*SOURCE MATERIAL*.
Segment Open

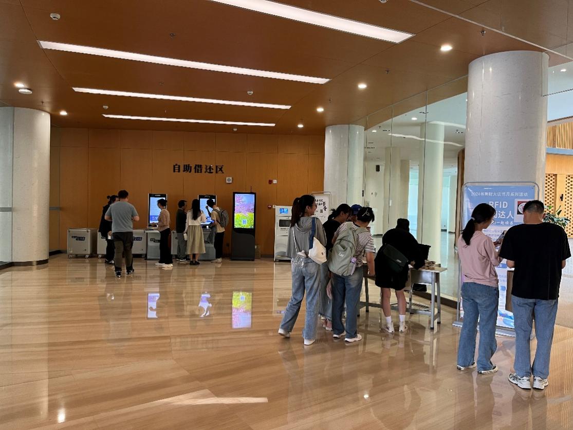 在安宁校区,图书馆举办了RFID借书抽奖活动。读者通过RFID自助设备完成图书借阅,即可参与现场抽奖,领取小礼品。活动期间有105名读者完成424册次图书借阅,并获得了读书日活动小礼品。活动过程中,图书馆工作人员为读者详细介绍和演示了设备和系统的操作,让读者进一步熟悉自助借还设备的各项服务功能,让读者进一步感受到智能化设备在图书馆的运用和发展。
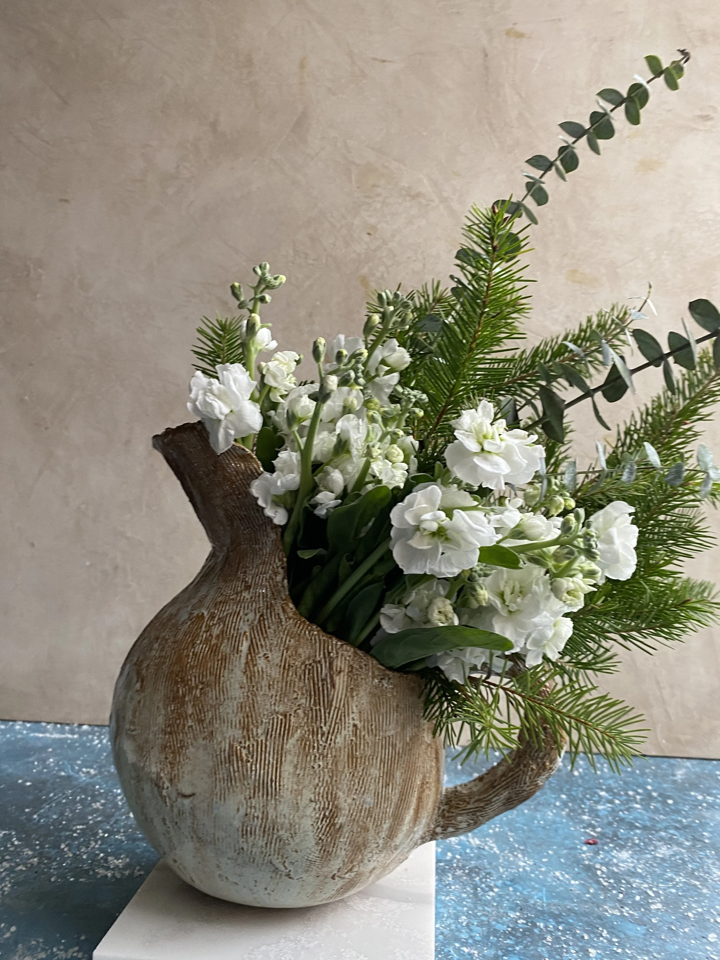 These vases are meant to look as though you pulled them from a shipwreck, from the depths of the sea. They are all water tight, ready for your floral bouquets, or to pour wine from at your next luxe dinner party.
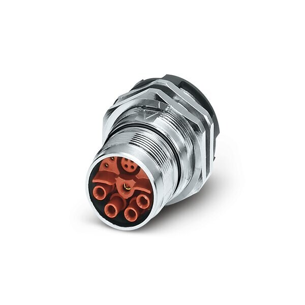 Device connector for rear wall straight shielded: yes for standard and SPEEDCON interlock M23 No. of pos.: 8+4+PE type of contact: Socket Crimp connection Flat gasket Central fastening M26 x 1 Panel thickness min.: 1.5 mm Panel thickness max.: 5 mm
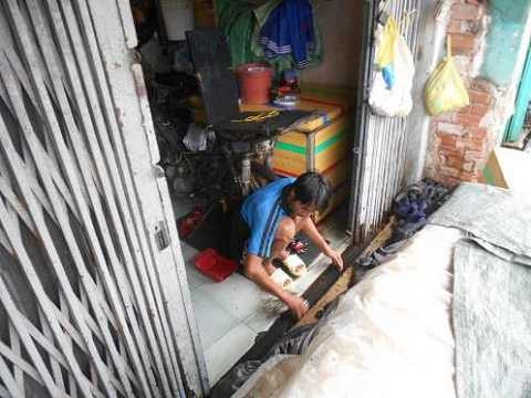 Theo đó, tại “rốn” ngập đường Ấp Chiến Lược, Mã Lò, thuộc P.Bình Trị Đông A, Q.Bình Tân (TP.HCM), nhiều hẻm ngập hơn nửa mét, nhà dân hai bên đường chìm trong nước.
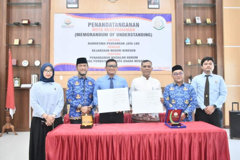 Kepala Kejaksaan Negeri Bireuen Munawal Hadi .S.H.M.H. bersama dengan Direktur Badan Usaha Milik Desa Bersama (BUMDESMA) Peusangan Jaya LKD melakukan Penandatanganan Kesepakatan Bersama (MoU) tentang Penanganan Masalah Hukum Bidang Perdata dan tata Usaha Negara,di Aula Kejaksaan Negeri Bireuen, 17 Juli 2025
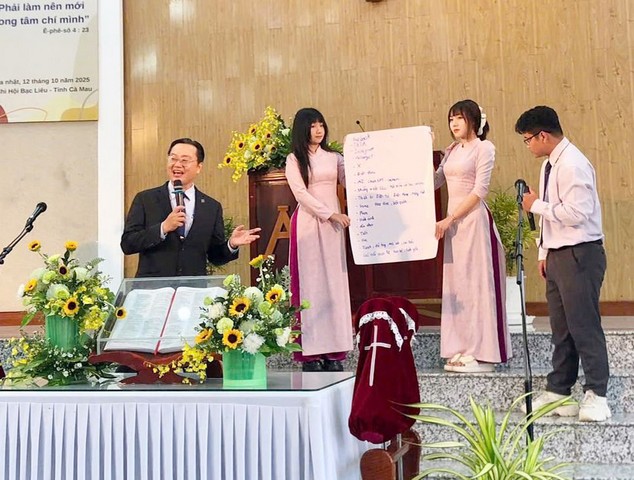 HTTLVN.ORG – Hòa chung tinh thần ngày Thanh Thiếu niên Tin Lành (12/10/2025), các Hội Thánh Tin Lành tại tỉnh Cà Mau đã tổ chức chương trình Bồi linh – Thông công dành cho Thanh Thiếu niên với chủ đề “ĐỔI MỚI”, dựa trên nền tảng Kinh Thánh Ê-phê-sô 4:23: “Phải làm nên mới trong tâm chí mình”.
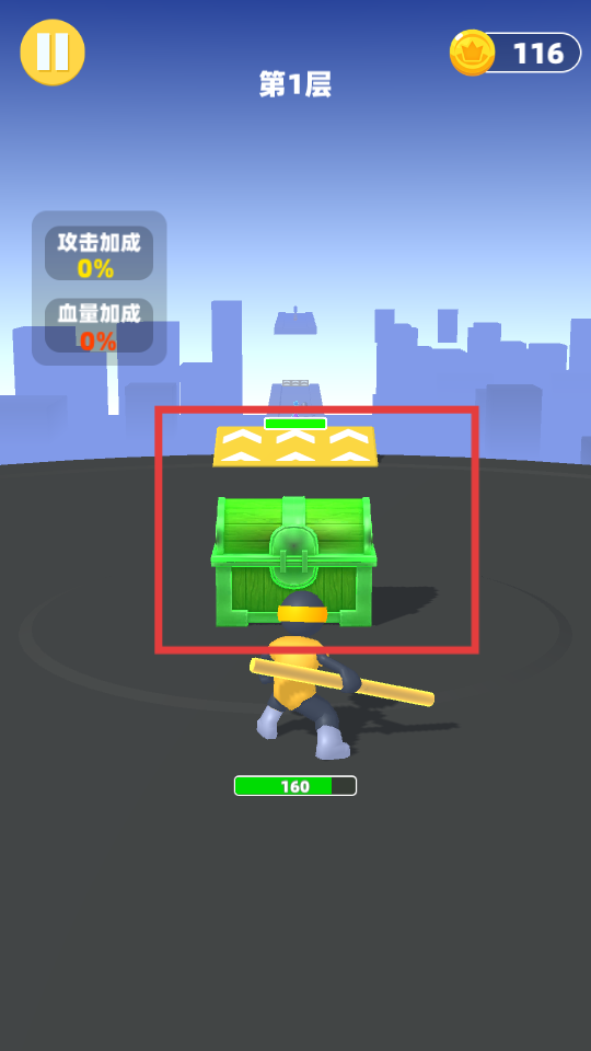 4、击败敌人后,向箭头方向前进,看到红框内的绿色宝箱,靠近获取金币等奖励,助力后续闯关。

Segment Closed

*PROMPT*. Reproduce verbatim the opening line of the material and every line after it, up to and including the line with "Theo đó, tại", but no pictures.

*TASK RESPONSE*.
 在安宁校区,图书馆举办了RFID借书抽奖活动。读者通过RFID自助设备完成图书借阅,即可参与现场抽奖,领取小礼品。活动期间有105名读者完成424册次图书借阅,并获得了读书日活动小礼品。活动过程中,图书馆工作人员为读者详细介绍和演示了设备和系统的操作,让读者进一步熟悉自助借还设备的各项服务功能,让读者进一步感受到智能化设备在图书馆的运用和发展。
 These vases are meant to look as though you pulled them from a shipwreck, from the depths of the sea. They are all water tight, ready for your floral bouquets, or to pour wine from at your next luxe dinner party.
 Device connector for rear wall straight shielded: yes for standard and SPEEDCON interlock M23 No. of pos.: 8+4+PE type of contact: Socket Crimp connection Flat gasket Central fastening M26 x 1 Panel thickness min.: 1.5 mm Panel thickness max.: 5 mm
 Theo đó, tại “rốn” ngập đường Ấp Chiến Lược, Mã Lò, thuộc P.Bình Trị Đông A, Q.Bình Tân (TP.HCM), nhiều hẻm ngập hơn nửa mét, nhà dân hai bên đường chìm trong nước.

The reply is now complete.